On Jul 23, 2025, at 01:42, Mark Millard <marklmi@yahoo.com> wrote:Dumb typo, missing the "u" in "gpu", so: graphics/sdl2_gpu
In a context with RAM+SWAP = 704 GiBytes (192 GiBytes being RAM,
512 GiBytes being SWAP) doing poudriere bulk -Ca builds at some
point ends up with reports like:
swp_pager_getswapspace(22): failed
and:
was killed: failed to reclaim memory
for 12 builders, MAKE_JOBS_NUMBER=3 , TMPFS_BLACKLIST
in use, 32 FreeBSD cpus, etc.
For example:
. . .
Jul 22 10:17:27 7950X3D-ZFS kernel: pid 62915 (scc_16815), jid 780, uid 0: exited on signal 11 (core dumped)
Jul 22 21:38:10 7950X3D-ZFS kernel: ue0: link state changed to DOWN
Jul 22 21:38:10 7950X3D-ZFS kernel: ue0: link state changed to UP
Jul 22 21:38:29 7950X3D-ZFS kernel: swap_pager: out of swap space
Jul 22 21:38:29 7950X3D-ZFS kernel: swp_pager_getswapspace(22): failed
Jul 22 21:39:11 7950X3D-ZFS kernel: pid 15059 (dot), jid 780, uid 0, was killed: failed to reclaim memory
Jul 22 21:43:38 7950X3D-ZFS kernel: swap_pager: out of swap space
Jul 22 21:43:38 7950X3D-ZFS kernel: swp_pager_getswapspace(14): failed
Jul 22 21:44:04 7950X3D-ZFS kernel: pid 15049 (dot), jid 780, uid 0, was killed: failed to reclaim memory
Jul 22 21:56:39 7950X3D-ZFS kernel: swap_pager: out of swap space
Jul 22 21:56:39 7950X3D-ZFS kernel: swp_pager_getswapspace(15): failed
Jul 22 21:57:12 7950X3D-ZFS kernel: pid 15045 (dot), jid 780, uid 0, was killed: failed to reclaim memory
I've not figured out a way to track down such messages
back to the relevant log file for the builds that were
killed. Neither the pid, nor the jid appear in
the log files. Similarly, nothing in /var/log/messages
identifies the poudriere Job Id or other such.

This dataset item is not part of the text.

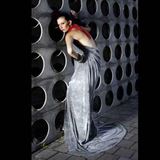 This evening dress boasts a sexy low cut at the back. The halter-neck front is highlighted by sharp red straps. The bottom features a loose and spreading cut to express a unique design.

(I've never happened to be actively monitoring when
the issue happened. So I've always ended up looking at
it after the fact.)
It would be nice to be able to identify what specific
packages to try to rebuild for these --and to investigate
why the SWAP usage that had stayed under 2 GiByte ended
up reaching 512 GiBytes during that period.
A panic from the activity during another bulk -Ca
test lead to the dump providing enough context to
track down the package that was being built that
got the issue and what is was running that, in
turn, has the problem memory usage:
[2D:01:22:29] [06] [00:00:00] Building graphics/sdl2_gpu | sdl2_gpu-0.12.0
was using:
UID PID PPID C PRI NI VSZ RSS MWCHAN STAT TT TIME COMMAND
. . .
0 79229 40923 4 59 0 23524 4148 wait D - 0:00.00 [sh]
0 79230 79229 5 59 0 14208 172 wait Ds - 0:00.01 [make]
0 79233 79230 4 59 0 14668 176 wait D - 0:00.00 [sh]
0 79234 79233 5 59 0 14668 176 wait D - 0:00.00 [sh]
0 79235 79234 12 0 0 16284 356 select D - 0:00.01 [ninja]
0 79236 79235 28 59 0 223048 1052 uwait D - 0:00.44 [doxygen]
0 79272 79236 25 59 0 157589964 41424308 pfault D - 3:25.33 [dot]
0 79279 79236 31 59 0 157601740 41513520 pfault D - 3:23.41 [dot]
0 79289 79236 14 59 0 157589964 41361600 pfault D - 3:22.72 [dot]
0 79301 79236 18 49 0 157667276 41208476 pfault D - 3:24.32 [dot]
. . .
Part of the context was the /06/ text in:
. . .
root dot 79301 0 /usr/local/poudriere/data/.m/main-ZNV4-bulk_a-alt/06/dev 20 crw-rw-rw- null r
root dot 79289 0 /usr/local/poudriere/data/.m/main-ZNV4-bulk_a-alt/06/dev 20 crw-rw-rw- null r
. . .
root dot 79279 0 /usr/local/poudriere/data/.m/main-ZNV4-bulk_a-alt/06/dev 20 crw-rw-rw- null r
. . .
root dot 79272 0 /usr/local/poudriere/data/.m/main-ZNV4-bulk_a-alt/06/dev 20 crw-rw-rw- null r
. . .
root doxygen 79236 0 /usr/local/poudriere/data/.m/main-ZNV4-bulk_a-alt/06/dev 20 crw-rw-rw- null r
. . .
It identifies the [06] builder and the "Building" notice had made it to
the disk before the panic happened. Then I could check the Makefile for
if doxygen was used and it was. graphics/sdl2_gp historical build logs suggest problems exist.